Jones is a proud Welshman through and through. His family hails from Brynaman in the Amman Valley and he was born in Swansea and attended school in Bridgend.
“I’ve studied, worked and lived in Wales all my life,” Jones notes. “My roots, my love of this country and the people of Wales are the driving forces that remind me of why I am doing this job.”
The First Minister says politics always interested him, but the attraction grew while studying at Aberystwyth University when he joined the Labour Party in 1987. He spent 10 years as a barrister working in criminal and family law. Then Jones made the decision to pursue a career as a politician because he wanted to make a difference to peoples’ lives.
Jones served as a county councilor on the Bridgend County Borough Council for five years and then in the late 1980s had the chance to become an assembly member for Bridgend.
“I took the opportunity and I’ve been an assembly member ever since.”
Jones says the reasons that led him to politics are the same ones which keep him involved.
“Politics is not a job you drift into,” he observes. “It’s a vocation and I believe the work we’re doing as a government is bringing real and tangible benefits to the people of Wales.”
Of course, such a career is not without its challenges. The global economic recession impacted Wales as it did other countries, and the country faces continued economic pressures and budget cuts from the UK government.
“Politicians don’t get to choose their challenges,” Jones points out. “You stand for election to represent people and you do your best for them.”
In that regard, Jones is proud of the work he and the government have carried out. He points to such achievements as the development of policies, including the ground-breaking organ donation bill and the modernization of the National Health Service through the provision of care closer to home. Jones also points to programs like Job Growth Wales, which has created thousands of employment opportunities for young people.
Asked if enough is being done to promote Celtic culture, Jones proudly enumerates, “We have three World Heritage Sites here in Wales, some of the finest castles and historic monuments in the world and areas of outstanding natural beauty.

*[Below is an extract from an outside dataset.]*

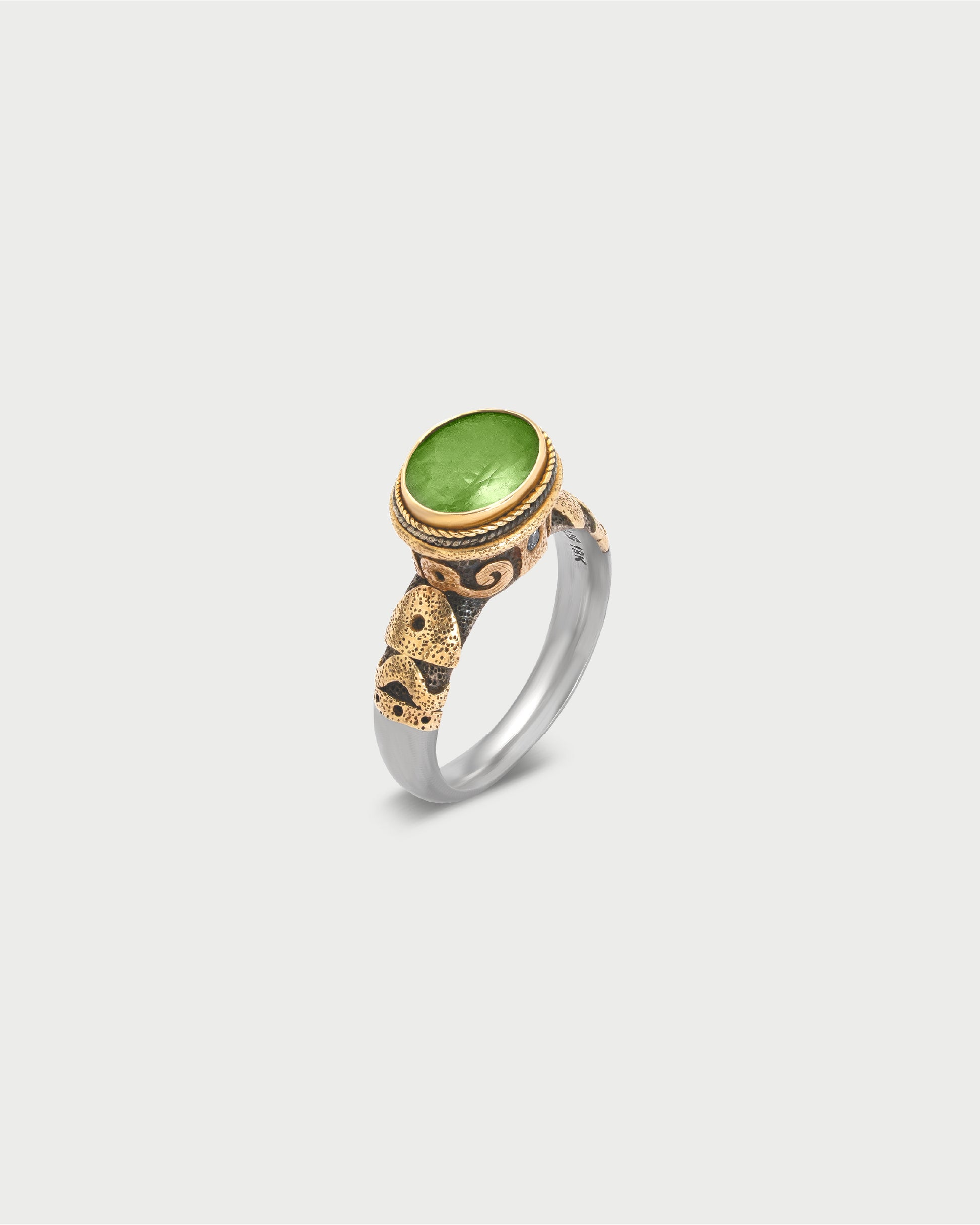 Every facet of this ring evokes a sense of passion and refinement, as though it was crafted beneath starry skies in a Moroccan kasbah. The radiant peridot - known as the “evening emerald” in dusty market stalls - captures both magic and eternity, offering a refreshing glow that speaks of renewal and growth. Let this ring become a cherished heirloom, a symbol of elegance that transcends time and holds within it the hushed secrets of sun-drenched dunes and hidden springs.

Needless to say, we’re extremely proud of our Celtic culture.”
As for the Welsh language, which Jones speaks, he says the government is working to strengthen and grow its viability.
“We’re proud of what we have delivered for the language by protecting its status through legislation, but we also recognize that big challenges remain,” says Jones. “It’s imperative we make Welsh a ‘living’ language, especially among young people outside the school gates. Education is an important part of nurturing the language, but people need to use it in everyday life.”